Liverpool managed to get international support following years of excellent performances in Europe and domestic competitions.   And Chelsea might claim they have their own model of buying up vast numbers of youngsters and being able to sell the best ones on.  Although I am rather dubious about that, given the way they had to sell their women’s club to another company, their directors already owned.  

Newcastle are struggling despite having a proven manager because they have been caught by the regulations and dare not breach them.  ManU reported a loss of £113.2m for 2023-24 following losses of £28.7m in 2022-23, £115.5m in 2021-22, and their latest figures take total losses over the past five years to over £370m according to figures from the BBC

I won’t bother you by going through the fate of each club, but the fact is that Bob Dylan’s phrase “There has to be some way out of here” was actually said by the Joker to the thief.   The answer – the only answer it seems – is to employ a brilliant manager, and invest in a youth system that produces players like Max Dowman, Ethan Nwaneri, Myles Lewis-Skelly, Marli Salmon, Brando Bailey-Joseph, Max Salmon, Jack Porter, Josh Nichols, Mikael Bonaveture Yetna, Ife Ibrahim…. 

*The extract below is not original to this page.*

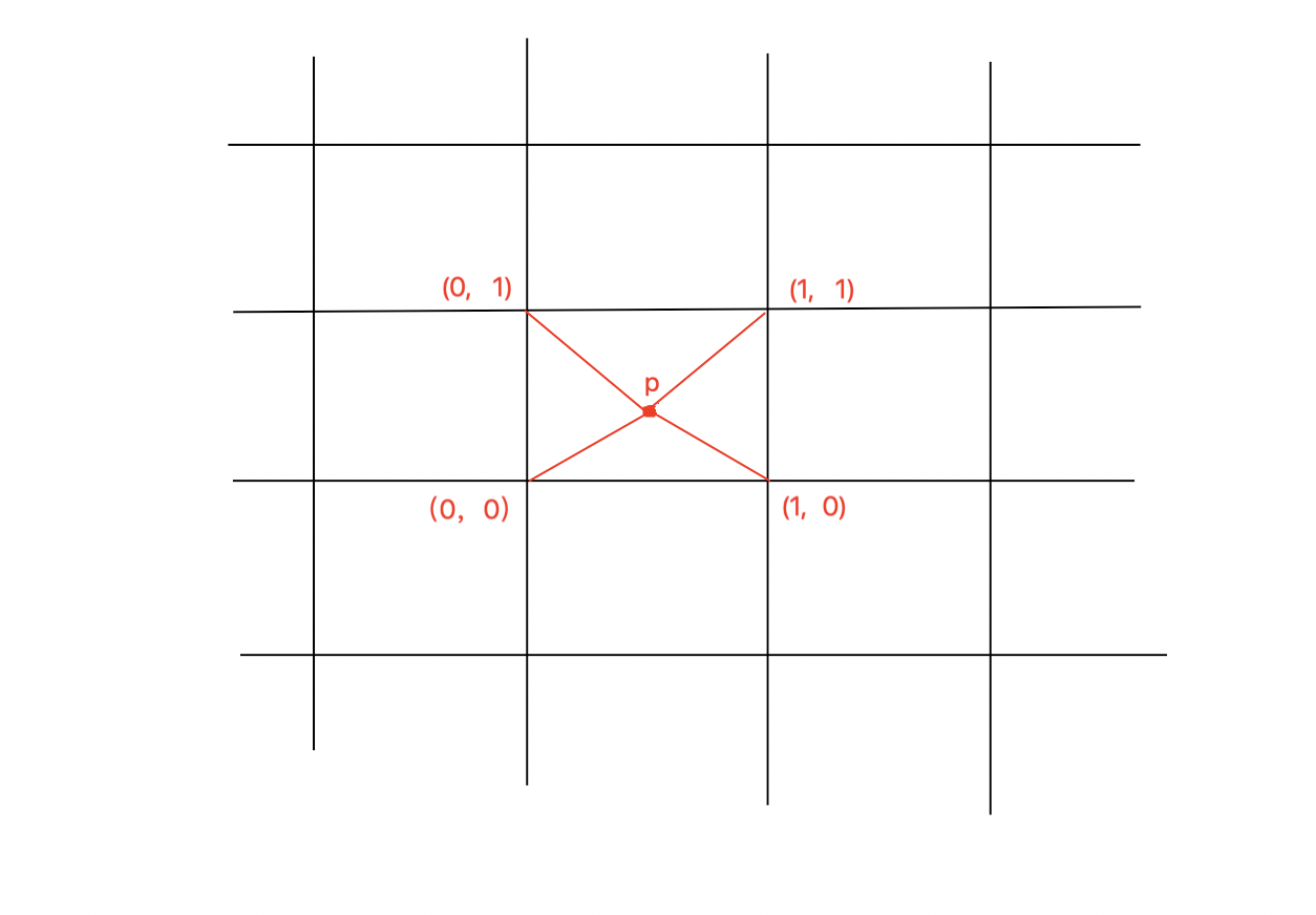 2D Value Noise与1D Value Noise的原理类似,区别在于2D Value Noise在平面上做插值,如图:
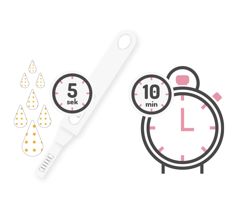 Tämän testin vahvuus on siinä, ettei sinun tarvitse kerätä virtsanäytettä erilliseen astiaan. Tuloksen saamiseksi sinun tarvitsee vain virtsata testipuikkoon muutaman sekunnin ajan. Tulos on luettavissa muutaman sekunnin päästä. Halutessa myös virtsanäytteen kerääminen astiaan onnistuu hyvin. Kerää virtsa astiaan ja kasta puikkoa astiassa muutaman sekunnin ajan. Tulos näkyy n. 10 minuutin kuluessa.

Not only do they either play for Arsenal or get sold on, the publicity that the young players who come through the Arsenal youth system get means that every year Arsenal find they have more and more young players wanting to be considered by Arsenal, saving the club more and more on recruitment fees.  Other clubs could use this approach – although it does take many years to set up. Quite probably we need to be thanking Arsene Wenger.